In the case of lending (a book), there are also certain privileges
involved, but no ownership. A service offered by an entertainment park or
museum consists of the privilege of walking there (without the customer
being able to raise any other claim on the park "doing" something - only
this privilege is to be granted and effectuated, otherwise the park does
not deliver)
- a special kind of service *contains* a conditional obligation/claim or
privilege - like the insurance. The insurance company pays money (a good)
under certain conditions. In other related cases, the claim is not about a
good but about a service, e.g. a mobile car help service. The resource
offered when the condition holds needs to be distinguished from the
overall thing ("the insurance", "the firebrigade"). I agree that this
overall thing should be classified as a service, but for me it is still a
special type.
- about the value models: you are right that the value model as such does
not distinguish between these different phases/aspects. It can be
stretched a bit in this direction. The REA ontology might be a better
way of expressing the situation (but not graphically).

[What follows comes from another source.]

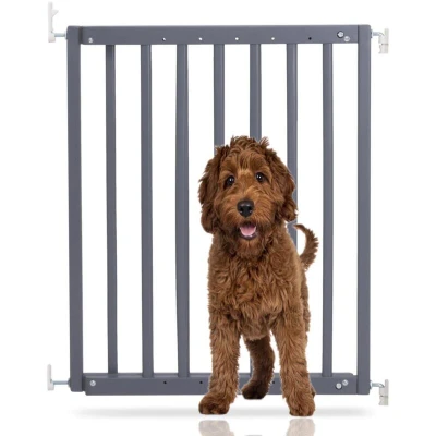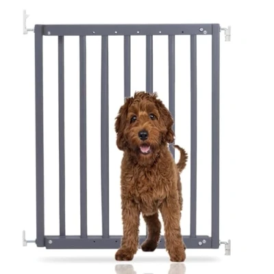 OVER 30 YEARS OF TRUST – Bettacare, has been dedicated to creating safe and secure spaces for children and pets for over three decades. Our commitment to safety and quality ensures that our products are rigorously tested to meet the highest current standards. With a legacy of trust and reliability, Bettacare is a name you can depend on for your family's safety needs. RELIABLE SAFETY - Crafted from durable materials, our products ensure long-lasting protection. Smooth, rounded edges prevent injuries, while finishes are lick-safe and bite-proof for ultimate safety. Our sturdy pet barriers feature robust and strong construction. Designed to prevent your pets from accessing unsafe areas and be simple and reliable for your family to use, all our pet barriers pass our stringent quality control and user testing, providing unparalleled security. Bettacare Chunky Wooden Screw Fit Dog Gate, 63.5cm - 105.5cm COLOUR - Grey Wood - Features a high-quality paint finish that is rigorously tested and certified to be free from harmful chemicals. This ensures a child-safe coating, providing peace of mind while maintaining a durable and attractive appearance. HEIGHT OF GATE - When installed - 75.5cm SCREW FIT (HARDWARE MOUNTED) - Provides a highly secure mounting solution for the safety gate. No trip hazard and wide walkthrough doorway make this gate especially suitable for use at the top of the stairs and ideal for any space for longer-term use and high-traffic areas. Ensures maximum stability and durability. ONE WAY GATE STOPPER - Gate opens only in your desired direction, a safety feature essential for the stairs and useful around the home. NO TRIP GATE - No bottom bar, ensuring no tripping hazards as you walk through the gate. SIMPLE CLOSE - Manual closing system for quick and easy locking. NO FRAME DESIGN - All door and no frame design ensures maximum passage and walkthrough space. OUT OF THE BOX SOLUTION - No additional extensions required to reach your desired width with our out of the box wider gate solution. STAY OPEN ABILITY - The safety gate remains open until you decide to close it. NO HANDLE DESIGN - Seamless latch operation for opening and closing. EASE OF INSTALLATION & STYLISH DESIGN - Our gates offer quick, simple installation with detailed instructions for a secure fit. The intuitive one-hand opening mechanism for adults and easy-to-close, secure locking system enhance user-friendliness. Stylish and high-quality designs complement your home interior, making our products highly rated for reliability and ease of use. A comprehensive warranty is included, reflecting our commitment to customer satisfaction and product excellence.

Yes, if you think of a good exchange that includes warranty service. One
could counter that the value object in this case is an aggregated
one. To which I could reply that that is true in virtually all cases,
still we classify the "thing" under its core function.
Two remarks
1. Where is the further specification of the service to be done? In the
process or in the contract? Hruby would put obligations and terms (=
conditional obligations) in the contract. This is an alternative to
consider.
2. If the specification or part of it is done by referring to the process,
then I think that our CAiSE attempt of expressing this by means of the
goal was not too bad. However, the constraint need to be expressed that
this goal (a REA event) is part of the process. This is what Maria's
diagram expresses, albeit in another way. Secondly, we may have to detail
the meaning of goal - or distinguishing two aspects. A clock mending
service, when consumed, is related to a conversion event of the watch
(broken-> happy). But at the same time, when produced, it is related to a
conversion (decrement) event of other resources (labour, ..). Since
production and consumption of the service are simultaneous, one might say
that both aspects are important. The service is the interface between the
two. A hotel room service consumes the room (some of its capacity) and
produces something that makes the guest happy (to put it in general
terms). If this makes sense, we could see the two aspects as two goals (we
did not say that a service must have 1 goal). Or we could say that a
service has both a goal (or goals) and a source/sources (capability?).
This was expressed in a figure in the CAiSE paper, but not formalized.